DC/DC convertor: what does it do?

[Louisesjpp]

I'm trying to understand the electrical system of my new-to-us A Class. It has an AGM house battery, solar panels and a vehicle battery. The solar panels do not charge the vehicle battery. I need to make this happen, and I think I need to change the AGM house battery for a lithium. The 100Ah AGM does not fulfil demand, I don't have weight allowance to add another so going 150Ah lithium first then seeing if I need another solar panel seems to be the way forward.

There is a NE287 battery charger / power supply, straightforward. There is a NE325 DC/DC convertor, and I'm not sure exactly what this is doing. Can anyone tell me?

I think I then need something like a Battery Master to make the link between the solar system and the vehicle battery.

 

[Jev88]

Battery Master is a good idea.

A DC/DC is also known as B2B (as far as I know).
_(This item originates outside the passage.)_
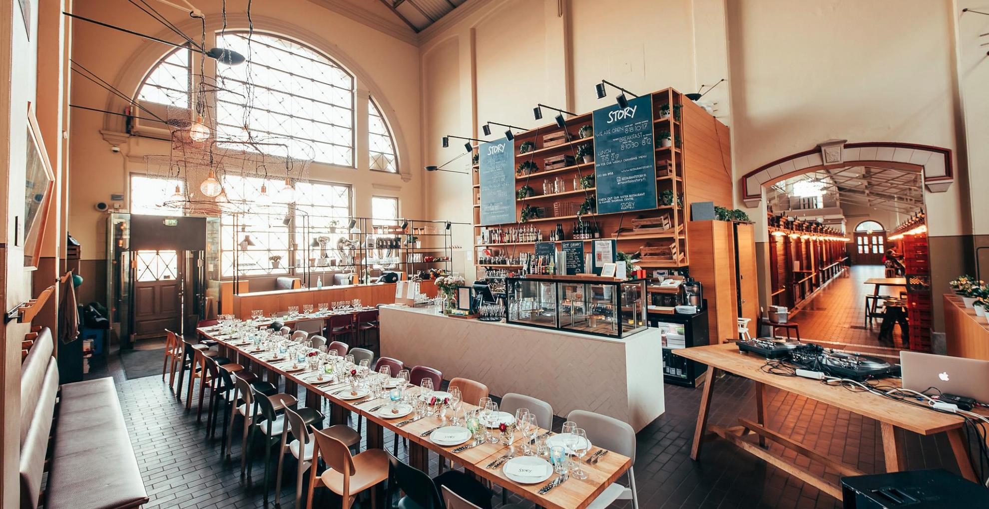 FI: Story on kahvila-ravintola Vanhassa Kauppahallin keskiössä, jossa tarjotaan mutkatonta halliruokaa, pientilaviinejä, kahvila- ja konditoriatuotteita sekä aamiaista ja brunssia.

It pulls extra power from the alternator to charge leisure battery via the engine battery. Eg one earth and one POS to each battery in the simplest form.
Enables fast charging when engine running.

 

[68c]

A DC/DC converter, also known as Buckboost can change one DC voltage to another. If the first voltage is higher than the second the excess voltage is converted to a higher current and vice versa. Of course as in all things there are losses usually in the form of heat.
On a motorhome it is normally used to raise the voltage coming from the Alternator to be high enough to fully charge the leisure battery. Although it will charge the battery more it is at a lower current.
Not needed on most vans with thick enough wiring and heavy enough split charge relay.
Edit. I use one to raise the 12volt van supply to 42volt to charge my E Bike.

 

[Louisesjpp]

Edit. I use one to raise the 12volt van supply to 42volt to charge my E Bike.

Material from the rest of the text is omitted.